Comment by jcranmer
5 years ago
The thing about parsers is this: we have tools that let you input any context-free grammar and will spit out a parser for you. Getting a working parser for your language is trivial, even if getting a good parser is non-trivial (though even there, I hesitate to say that it's hard).
In terms of time investment, building a parser takes like an hour whereas the semantics for the same language would take a hundred hours. Even when I throw together a parser for a simple language for some project, I spend more time trying to wrangle the output of the parser (that is, the semantics) than I do on the actual parsing portion of it. All of that effort in the Dragon book explaining how to build an LL(1) or LR(1) parser, or even how to build a lexer? Never used it. Almost completely useless. I spend more time thinking if I want to use a peek/next approach or a get/unget approach than handling shift-reduce conflicts or building first/follow sets.
Of everyone I know who works in compilers, I can't think of anyone who doesn't think that the Dragon book spends too much time on parsing.
So it is a different world now than in 1996. Parsers are much more solved now than they were back then.

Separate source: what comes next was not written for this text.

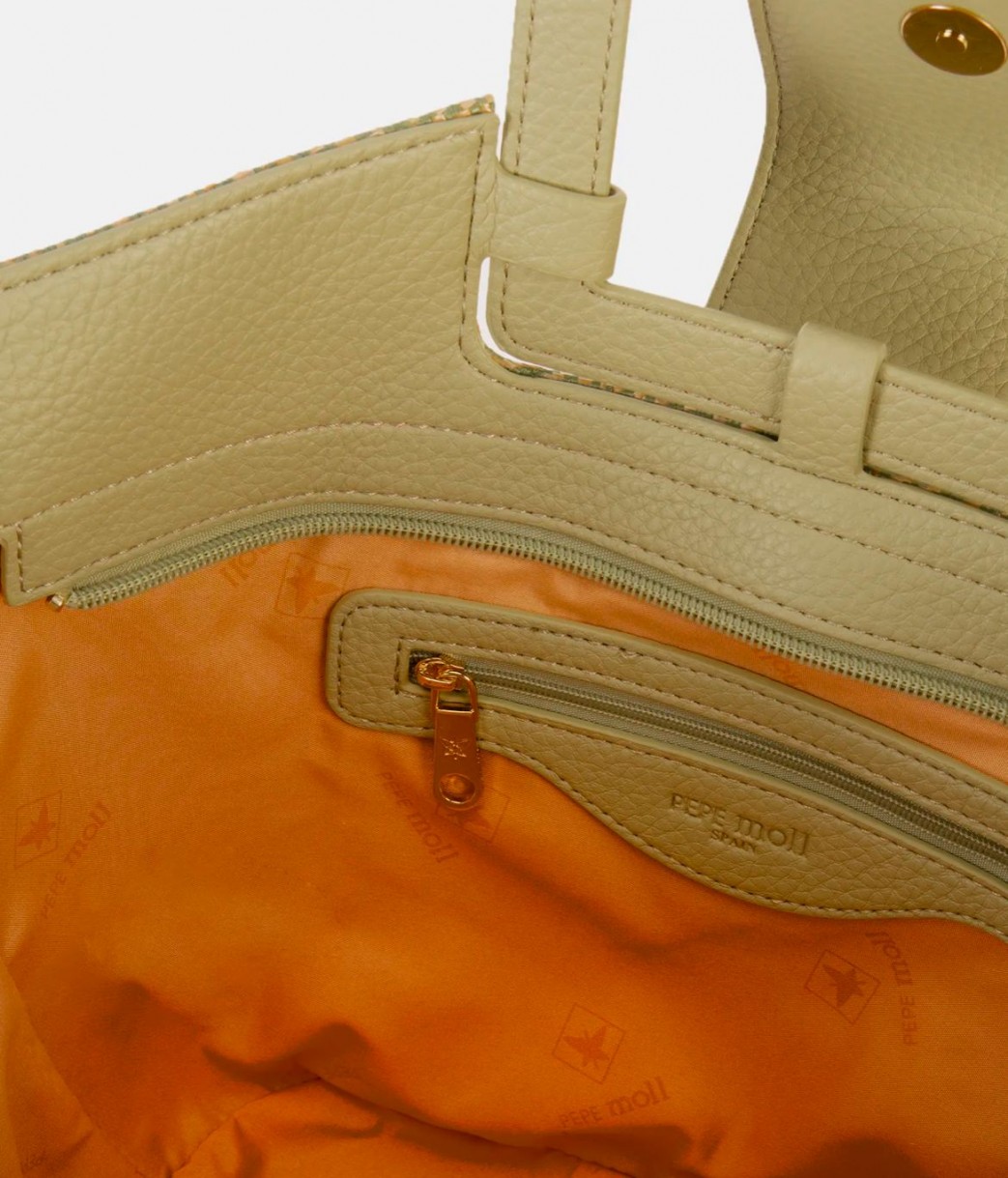 El bolso de mano 251120 de Pepe Moll es la elección perfecta para quienes buscan un accesorio sofisticado para esta primavera-verano. Su combinación de efecto rafia con detalles en color aporta un equilibrio perfecto entre modernidad y toques veraniegos.

I've written production compiler, but well before the Dragon book was written. I found it valuable, but kind of after the fact.
The references that we used included "A Compiler Generator" by David B. Wortman, Jim Horning, William M. MacKeeman. There weren't that many other parser generators available at the time.
Lots of valuable work has been done to make parsers easier to write. At MWC, dgc (David G. Conroy, author of MicroEMACS, which is now 'mg' on most systems) said that "YACC parsers make the hard part harder and the easy part easier". He wrote the C compiler with a hand-crafted parser. Starting in assembler, then bootstrapped it to C. Of the folks you know that write compilers, I wonder if they started writing after 1996, or even 2006.
If you are simply a user of parsers, then maybe you don't need to know how they work.
This is an interesting comment. What's the book that's like the Dragon book that comes closest to getting it right?